In this pilot study we have explored accuracy of PSP in diagnosis of sepsis in children and we have shown as also in pediatric setting PSP could be a promising bedside biomarker that can help clinicians with a point of care technology to rapidly evaluate an infective etiology of systemic inflammatory response syndrome.
Schlapbach et al. have described normal values of PSP in different age groups in healthy children, including neonates, showing an age-dependent increase of PSP from birth to childhood ranging from 1.0 to 16.1 ng/ml (10). The authors in this latter study used an ELISA methodology to measure PSP (10), instead we used point of care test with nanofluidic technology: based on the method comparison there is a 4.6 fold between two methods (11).
PSP has been also investigated in neonatal sepsis showing a performance comparable or superior to other biomarkers (PCT, CRP) (12). Furthermore, PSP has been evaluated alone or in combination with other inflammatory biomarker in critically ill children to predict outcome, showing a correlation with the illness severity and 28-day mortality (13) (14).

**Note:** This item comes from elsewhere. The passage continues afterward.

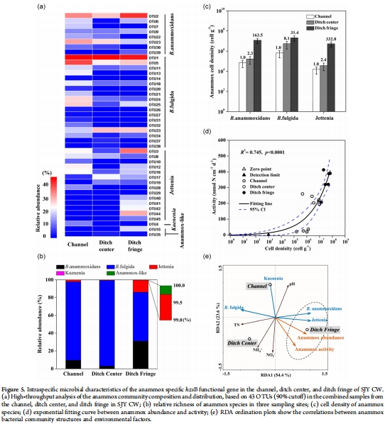研究意義:直接驗證溝渠邊緣為氮循環熱點,anammox是氮損失主要途徑;豐度與速率正相關,表明微生物活性驅動氮去除。

Many publications have shown in adult population high accuracy of PSP in diagnosis of sepsis and to predict mortality. Currently, from the analysis of the available literature regarding PSP, it is not possible, however, to identify a cut-off value for the early diagnosis of sepsis. A unique feature of PSP is that it can begin to increase above the normal range of levels before the development of clinical signs and symptoms of sepsis. In a pivotal study, serial measurements of PSP in multiple trauma patients identified patients who were developing sepsis prior to the ascent of other biomarkers and prior to clinical diagnosis, in most cases (15). In a population of patients with sepsis-related complications, PSP levels have demonstrated high diagnostic accuracy for discriminating peritonitis severity and predicting ICU mortality (16). In another study, PSP levels reflected organ dysfunction and predicted death in ventilator-associated pneumonia (VAP), which allowed for stratification of patients with good and poor outcome (17). The value of PSP to predict in-hospital mortality in patients with severe sepsis and septic shock who require intensive care management was further demonstrated by Que et al., who also highlighted in another research that a model combining severity scores with PCT and PSP improves the prediction of mortality in these patients (18).

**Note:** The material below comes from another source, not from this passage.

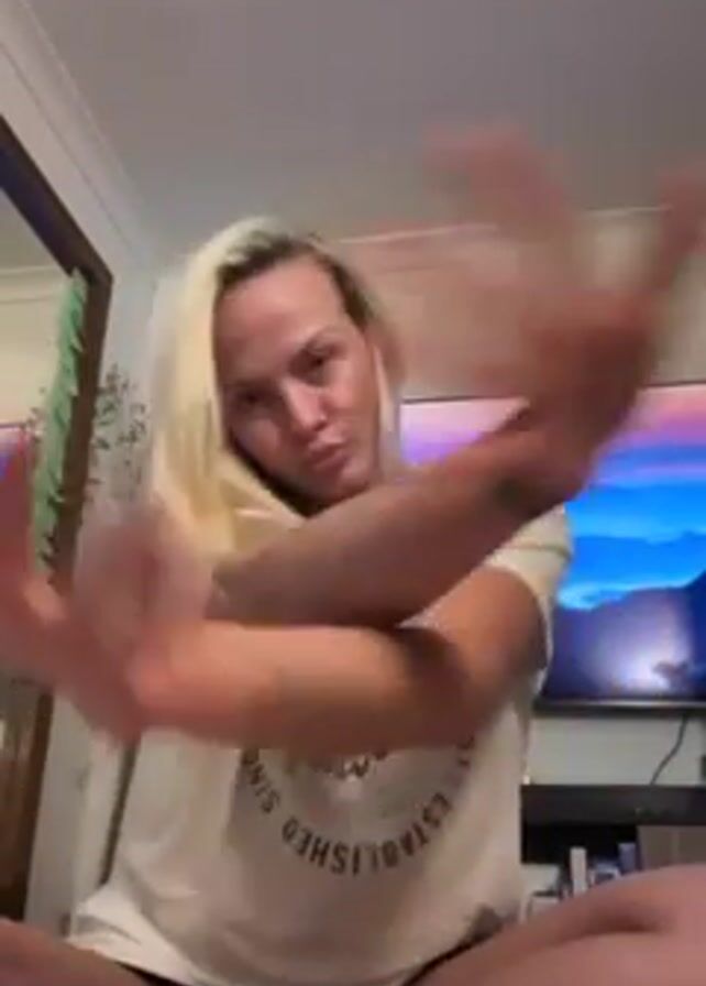 A blonde woman in a Tom Tailor T-shirt sits cross-legged in front of a TV. She reaches out with her hands toward the camera and then pulls them back, repeating the gesture a few times. There's a mirror and a second TV visible in the background.

We have founded an optimal Youden cut off for PSP of 167 ng/ml for diagnostic accuracy of sepsis at timepoint 1 (day 1) resulting in a in sensitivity 59% but with a specificity 83% equal to PCT. For each patient, the values of the three biomarkers were highly fluctuating among different time points potentially related also to the impact of antimicrobials therapies. Therefore to have more robust data we have summarized the five measures by the median value and it is interesting to observe that we have found almost the same cut off (167 ng/ml versus 166 ng/ml) for timepoint 1 (day 1) and the median of the five timepoints during the study time.

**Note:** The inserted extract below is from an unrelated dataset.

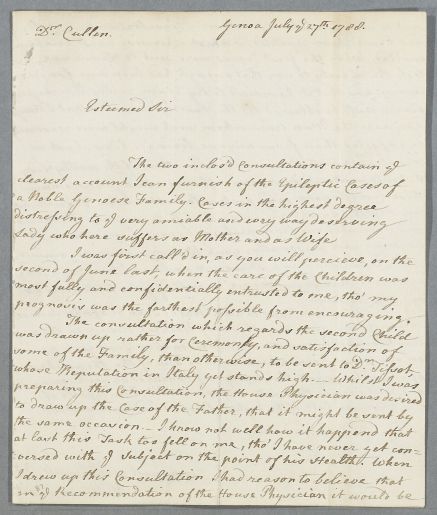 | Summary | Letter from William Batt concerning A. J. B. and his children, 'of a noble Genoese family', suffering from epilepsy. |

Previous studies have not found significant difference in PSP values in pediatric patient with SIRS of infectious etiology (sepsis) versus SIRS without a no infectious etiology when a clinical condition of severe organ dysfunction was present (13). We have founded instead a higher AUC in diagnosis of sepsis versus no-sepsis in the median of all timepoint of observation, thus also in those children who showed clinical evolution with multiple organ dysfunction from the admission to timepoint 7. ROC analysis for outcome (survival versus no survival) has evidenced also a performance of PSP equal to PCT. We have found an optimal cut-off of 421 ng/ml to predict mortality in our pediatric population with a sensitivity 83% and a specificity 85%. Jiri et al observed a cut off value of 858 to best discriminate pediatric patients with PELOD < 12 and 12 and higher (13), but in our population PELOD-2 score median values were lower (median values 6), thus we were not able to show strong relationship between PSP values and high values of PELOD-2 score.
We have observed higher PSP values in median of patients with sepsis and septic shock in comparison to those pediatric patients with SIRS and SIRS associated to organ dysfunction. Severe sepsis median values of PSP resulted inferior to sepsis, we conjecture that this result could be related the etiology of the infection (viral infections versus bacterial infections), but further studies on larger population are required to confirm this hypothesis. Furthermore, we have to consider that definition of severe sepsis was recently abolished in adult population with new SEPSIS-3 criteria, thus a low clinical feasibility of this categorization should be considered.
Strengths of our study are that for the first time we have explored accuracy of PSP in diagnosis of sepsis versus no sepsis pediatric patients admitted to the hospital with signs and symptoms of systemic inflammation associated or not to organ failure. We have also evaluated patients with multiple time points during a period of observation of 7 days which is an appropriate time in evaluating the incidence and evolution of a sepsis clinical picture. We have also showed as PSP could be used as a Point Of Care Technology which could be a major advantage for clinicians at bedside.
Our study has also some limits, firstly it is a preliminary pilot study with a need of a confirmative study in larger pediatric population, furthermore future studies on more patients will allow to better explore the role of PSP also in pediatric population in diagnosis of localized infections versus sepsis or in relation to the microbiological etiology of the infection.